PENERAPAN DEEP LEARNING DENGAN ATTENTION MECHANISM PADA PERAMALAN TRAFIK JARINGAN UNTUK MANAJEMEN QoS ADAPTIF
Application of Deep Learning with Attention Mechanism on Network Traffic Forecasting for Adaptive QoS Management
Abstract
Static Quality of Service (QoS) management in government network infrastructures often fails to dynamically adapt bandwidth allocation to fluctuating and non-linear traffic conditions. This study develops an adaptive QoS management system based on a Hybrid Long Short-Term Memory (LSTM)-Attention model for network traffic forecasting at the Communication and Information Technology Office (Diskominfo) of Lombok Barat Regency, serving approximately 200 Regional Government Organization (OPD) users with 700 Mbps dedicated 1:1 ISP capacity. A dataset of 43,488 data points was collected from the WAN interface of a MikroTik Router via RouterOS API during January–May 2026 at 5-minute intervals. The preprocessing pipeline included Z-Score outlier detection with capping, Min-Max Scaling normalization, and Sliding Window transformation (timestep = 60). The model architecture consists of two stacked LSTM layers (128 and 64 units) and one custom Attention Layer, totaling 122,241 trainable parameters, with a sequential 70/15/15 train-validation-test split. Evaluation on the testing set (May 2026) yielded RMSE of 43.66 Mbps and MAE of 27.96 Mbps for download traffic (RX), and RMSE of 30.72 Mbps and MAE of 19.66 Mbps for upload traffic (TX). MAPE values of 19.64% (RX) and 17.95% (TX) fall in the "Good" category.
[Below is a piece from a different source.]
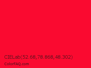 CIELab 52.68,78.868,48.302 Color is a normal red color and the nearest color is Torch Red #fd0e35. Hex code #fa0a30 and RGB value is rgb(250,10,48). In RGB color space, this color is composed of 98% red, 4% green, 19% blue, In CMYK color space, this color is composed of 0% cyan, 96% magenta, 81% yellow , 2% black , In HSL color space, this color has a hue angle of 351° , 96% saturation and 51% lightness.

The model outperformed the ARIMA baseline on three of four evaluation metrics, with RMSE improvement of 16.7% and MAE improvement of 28.8%, while MAPE was marginally higher (+1.00 point) than ARIMA, a nuance attributable to the differing sensitivity of scale-dependent versus percentage-based metrics; an ablation study further confirmed the Attention layer's contribution is asymmetric, consistently improving accuracy on upload (TX) traffic and substantially reducing training variance on both signals (62.5-83.1% lower standard deviation across seeds) at a marginal parameter cost (+3.5%). Integration with MikroTik Queue Tree via RouterOS API successfully executed 603 automated adaptive cycles, achieving 26.7% throughput increase, 37.0% delay reduction, 59.3% packet loss reduction, and 49.6% jitter reduction compared to conventional static QoS management.